Therapeutic antibodies are a key driving force in the biotechnology industry thanks to their ability to safely and effectively target a broad range of diseases, including cancer, autoimmune disorders, and infectious diseases. Global sales of therapeutic antibodies reached $38 billion in 2009, and the market continues to grow.
Transmembrane proteins, including multipass membrane proteins (MMP) like G-protein coupled receptors (GPCRs) and ion channels, are essential for cellular function and important targets for therapeutic monoclonal antibody (mAb) discovery and companion diagnostic assays. Greater than 40% of all drug targets are MMP but only a few have been successfully targeted by antibodies.
While antibodies to a relatively large number of MMP are offered for commercial sale, the performance of the majority of these antibodies is poor, and for those that work, their utility is generally restricted to research applications like Western blot. MMP mAbs useful in flow cytometry and functional assays with living cells are rare and difficult and expensive to make.
Membrane protein function is dictated by three-dimensional structure, and for an antibody to exert a physiologic effect on a cell it must bind to the structure of a protein as it exists in the intact membrane.

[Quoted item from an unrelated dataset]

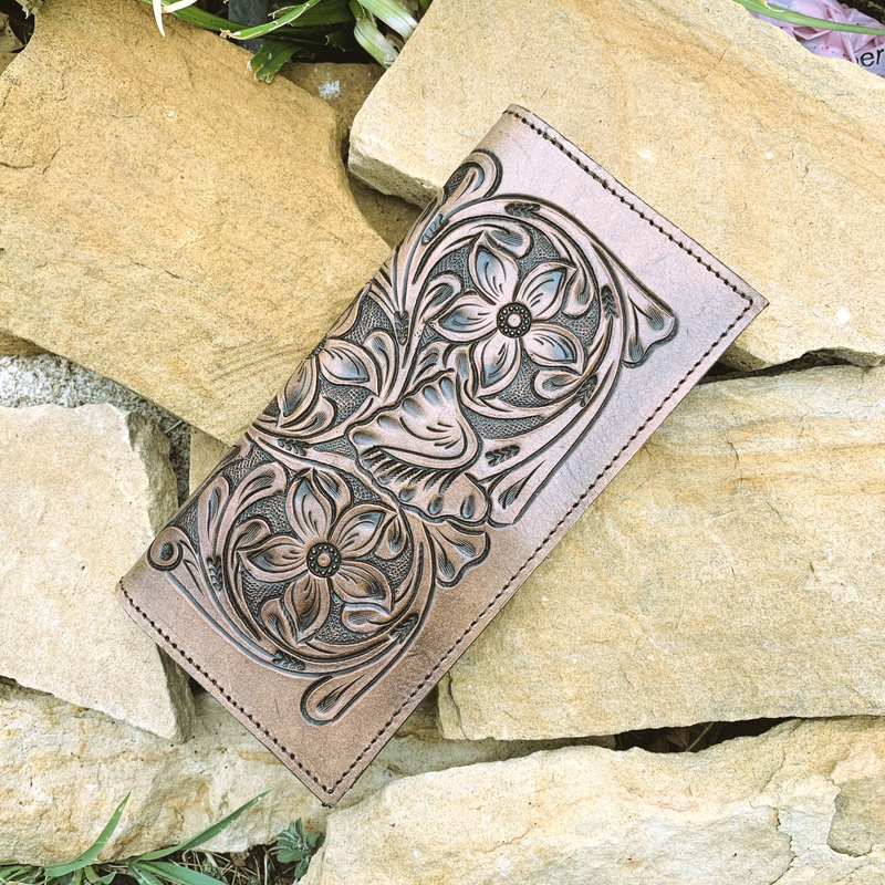 Look classy yet sophisticated with this beautiful tooled leather ,bi-fold wallet with push clasp closure. Plenty of card slots, cash slot, and check book slot.

In living cells, only the regions of membrane proteins that are extracellular are available for antibody binding. For MMP, the extracellular structure is composed of discontinuous regions, or loops, of the protein sequence that associate with each other on the surface of the cell. The complex 3D structure is membrane dependent. Without the membrane the native structure does not form.

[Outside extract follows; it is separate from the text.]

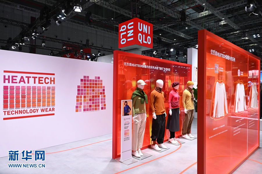 图为5日拍摄的第六届进博会上的优衣库展台。(新华社记者彭纯摄)

X-ray crystallography studies have shown that the “footprint” of an antibody binding site (CDR) encompasses an area of approximately 20x30 Å. Figure 1 illustrates the relative sizes of a mouse mAb CDR and the extracellular region of the GPCR ADORA2A. The size of the antibody footprint is similar to the size of the entire extracellular region of ADORA2A (56 extracellular amino acids), and large enough to make contact with multiple extracellular loops. The total number of GPCR extracellular amino acids is frequently between 50 and 125. Thus, antibodies could interact with significant portions of the entire extracellular region of most GPCRs.